The average VM rejection ratio w.r.t. N

Table 4. The average rejection rates of S, M, L and XL VM requests

Figure 8 plots the average total potential cost of resource wastage w.r.t. N. The total potential cost of resource wastage is computed as the sum of all the resource wastage amounts of PMs in the data center. The potential cost of resource wastage of the \(j^{th}\) PM, \(RW_{j}\) is given by [16]:

$$\begin{aligned}&RW_{j} = \sum _{l != k}(R^{l}-R^{k}),&\forall 1 \le j \le M, \forall 1 \le l,k \le 3&\end{aligned}$$

where, \(R^{l}\) denotes the normalized residual capacity of the \(l^{th}\) resource dimension (CPU, RAM, disk), i.e., the ratio of residual resource to total resource. \(R^{k}\) denotes the smallest residual resource rate of all dimensions. We notice that the average total potential cost of resource wastage gain in C1 (60.62%) is higher than in C2 (50.21%) (Step 2 achievement against Step 1 achievement). We also observe that in both DC configurations, the benefit gain of the total potential cost of resource wastage decreases sharply when a set of VMs starts to be rejected (\(N\ge 230\)). This is due to Step 2’s difficulty of balancing the resource usage of each PM as one or more may be exhausted, and others remain unused. This preceding result explains the performance superiority of C1 over C2 in light of the PM resource utilization efficiency, the number of used PMs and the VM rejection ratio.

From Fig. 8(b), we notice that the TOILP model produces a lower average amount of resource wastage in C1 than C2. This can be explained by the fact that the VMs are more compatible with the PM combinations of C1 than C2 based on their resource configurations. This, thereby, explains the above-mentioned fact of the efficiency of PM resource utilization in C1. As a result, more VMs can be hosted using a less number of PMs in C1.

Fig. 8.
figure 8

The average potential cost of resource wastage w.r.t. N

From the obtained simulation results, we point out the following conclusions:

  • We report that the TOILP model performs efficiently in both DC configurations, in maximizing the PM usage while minimizing the number of used PMs. In average, the number of used PMs and the total potential cost of resource wastage are reduced by 32.35% and 60.62% respectively.

  • The cloud provider should not choose the PM configurations independently of the offered virtual machines. This is due to the degree of compatibility between the VM-PM resource configurations as it has an impact on the amount of resource wastage in the DC.

  • We realized that as the amount of the resource wastage is reduced in the DC, the VM rejection is lowered and the number of used PMs is also minimized. This should hopefully lead to lower power consumption in the DC.

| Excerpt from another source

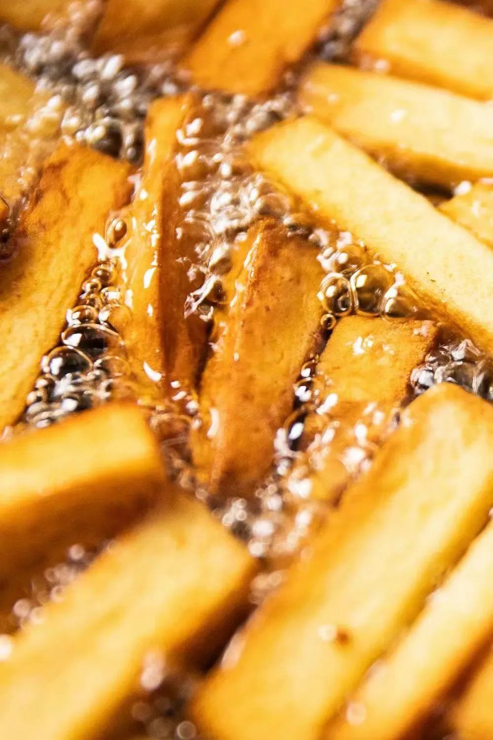 薯条在炸制中。
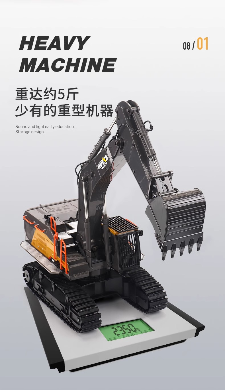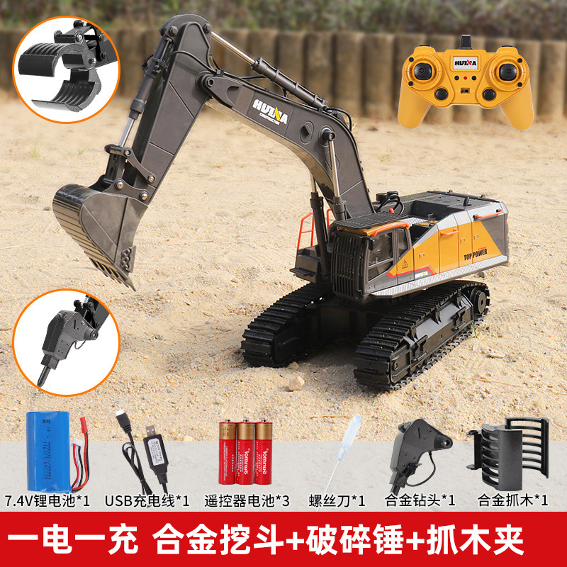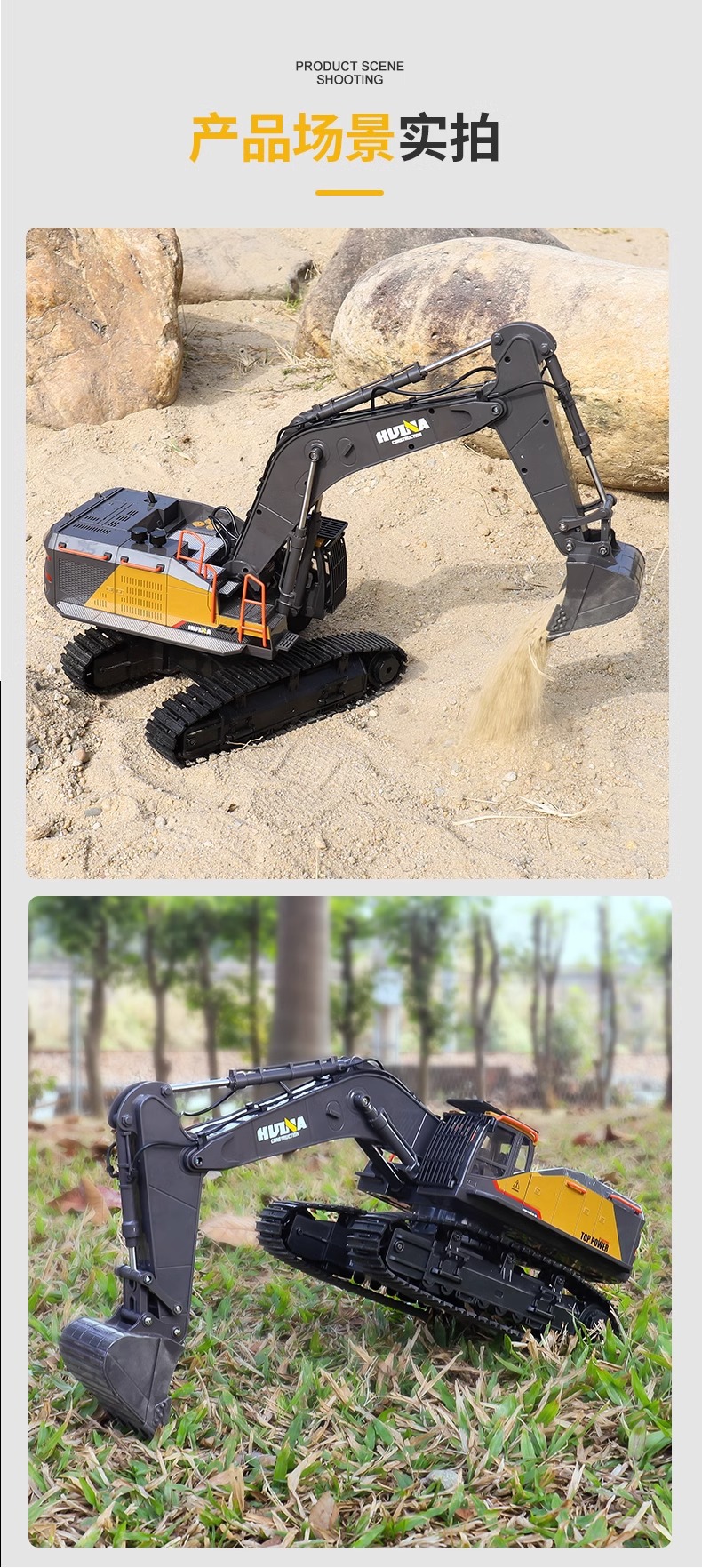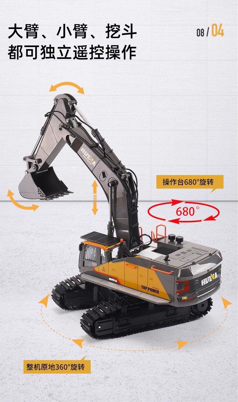 【세금 포함】후이나 592 대형 원격 조종 굴착기 알루미늄 합금 시뮬레이션 유압 공학 차량 전기 모델 차량

7 Conclusion and Future Work

In this paper, we proposed a new two objective ILP model to address the VM placement problem in cloud service provider (CSP) data centers with heterogeneous PM configurations. The objectives are to improve the resources usage of physical machines while reducing energy consumption in a data center. We evaluated and compared the performances of the proposed solution in two heterogeneous data centers configurations to ascertain the impact of each configuration. Through extensive simulation scenarios, we reported the benefits brought by the TOILP model in both average gains of total potential cost of resource wastage and number of used PMs. We also reported that the cloud provider should not choose the PM configurations independently of the offered Virtual machines. In the future work, we will compare the performances of the TOILP model in both data center architectures (homogeneous and heterogeneous) in order to assess which of the architectures produces a better trade-off between the resource utilization and power consumption efficiency.